Read Strega (Strega Series) Online
Authors: Karen Monahan Fernandes
As the last breaths of life seeped out of me, I slipped into unconsciousness. As I lay there dying, a familiar voice called to me desperately.
Velia!
It echoed in the recesses of my mind. Then everything went black.
I sat up sharply and drew in air as if I hadn't breathed in a century. I desperately clung to each breath, thankful for them.
I'm alive
, I told myself over and over until I actually believed it. The line between my dreams and reality was such a blur that deciphering the two had become impossible. And I was exhausted. My dreams took just as much out of me as my waking hours, and it was as if I never actually slept at all.
"Jay! Are you okay?" Rena asked in a panic as she pounded on my bedroom door. I slid Gram's journal under my pillow.
"I'm fine. Come in."
"I'm sorry, did I wake you?" She sat on the edge of my bed. "Another dream?"
I rubbed my eyes and pulled my hair back from my face. "Yeah."
"Did you hear me last night? I peeked in and said goodnight, but you were dead to the world."
"No, I didn't."
Her choice of words couldn't have been more disturbing.
"Well, I hope that means you got
some
rest." She paused for a moment, taking a closer look at me. "You look awful. Are you okay?"
"Thanks," I said sarcastically. "I'm fine."

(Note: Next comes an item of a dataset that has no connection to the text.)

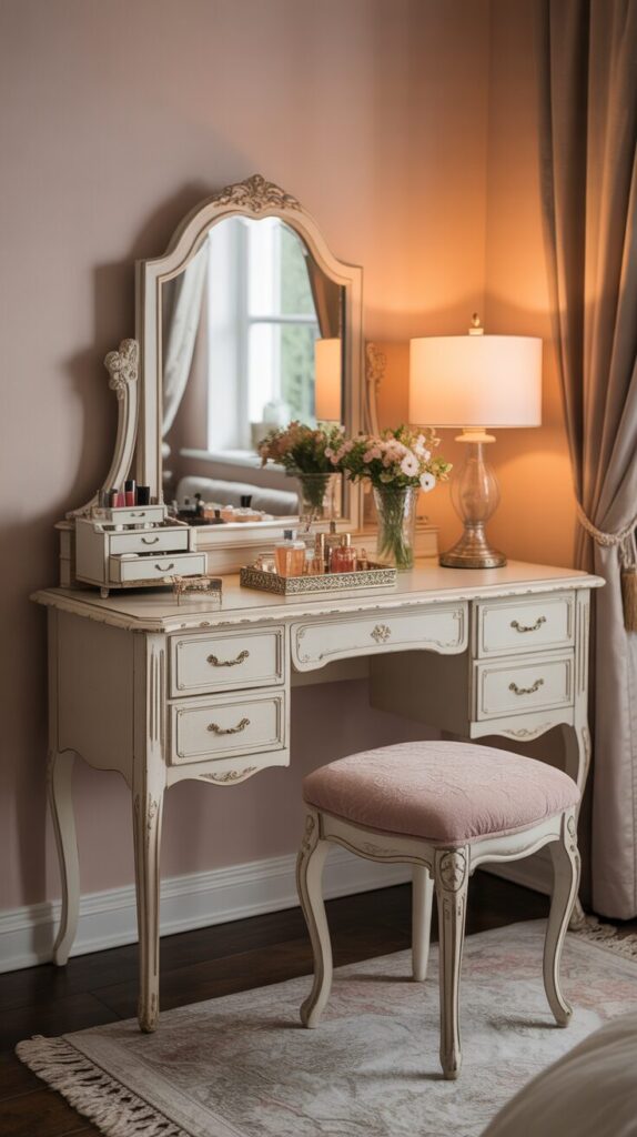 Include a romantic vanity or dressing table with an ornate mirror, comfortable upholstered stool, and beautiful organization for cosmetics and jewelry that adds feminine elegance to your dreamy bedroom. Choose a vintage or vintage-inspired piece with curved legs, decorative details, and perhaps a distressed painted finish in white, cream, or soft pastels that complement your overall color scheme. Style the vanity surface with pretty trays organizing perfumes, a vintage-style jewelry box, a small vase of fresh flowers, and an elegant table lamp that provides task lighting for grooming. Position the vanity near a window for natural light during daytime routines, or ensure adequate artificial lighting from sconces or a beautiful table lamp that illuminates without harsh brightness. This dedicated beauty area adds old-world elegance and practical functionality while creating a space for self-care rituals that enhance the dreamy, pampering atmosphere you’re cultivating in your bedroom sanctuary.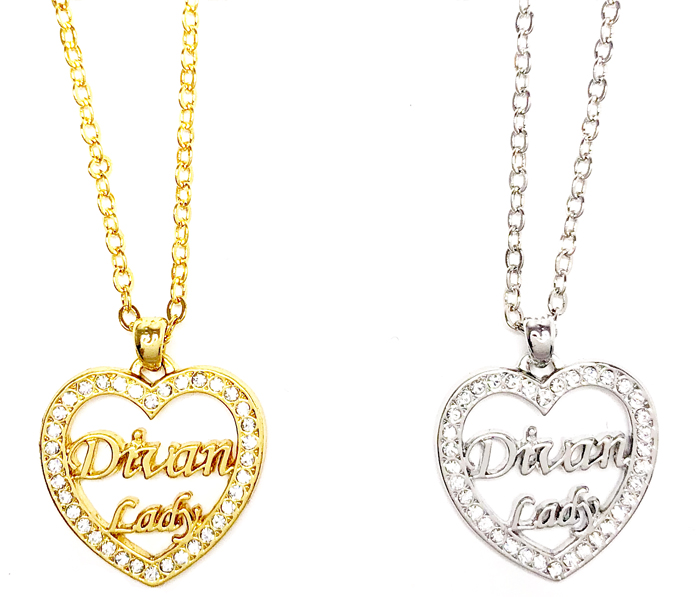 New Divan's Lady Heart Shaped Necklace. This necklace is available in both gold and silver. The heart shaped charm is 1" and is outlined in clear rhinestones. Divan's Lady is in the center of the charm. The necklace is an 18" adjustable chain. It will adjust up to 3" longer.

But I wasn't. I was dead. In my dream, I died. The experience was as real as the air I was breathing, and nothing that I could have imagined if I hadn't actually suffered it. I'd felt myself detach from my body. And what killed me was the same terrifying creature that had come for me at Gram's house just hours before. Different from the human-like beast that had attacked me in the parking lot at school. Different from the blue-skinned beast from my vision, and that killed Mom and Dad. This frightful enigma was insidious, and more powerful than anything else I'd encountered. And when it stood over me, as I took my last breaths, I recognized its blade. I'd seen it once before. In my vision, in the underground tunnel, it belonged to the woman the blue-skinned beast called Invidia. All along, in my dreams it was not a man that was coming for me. It was her.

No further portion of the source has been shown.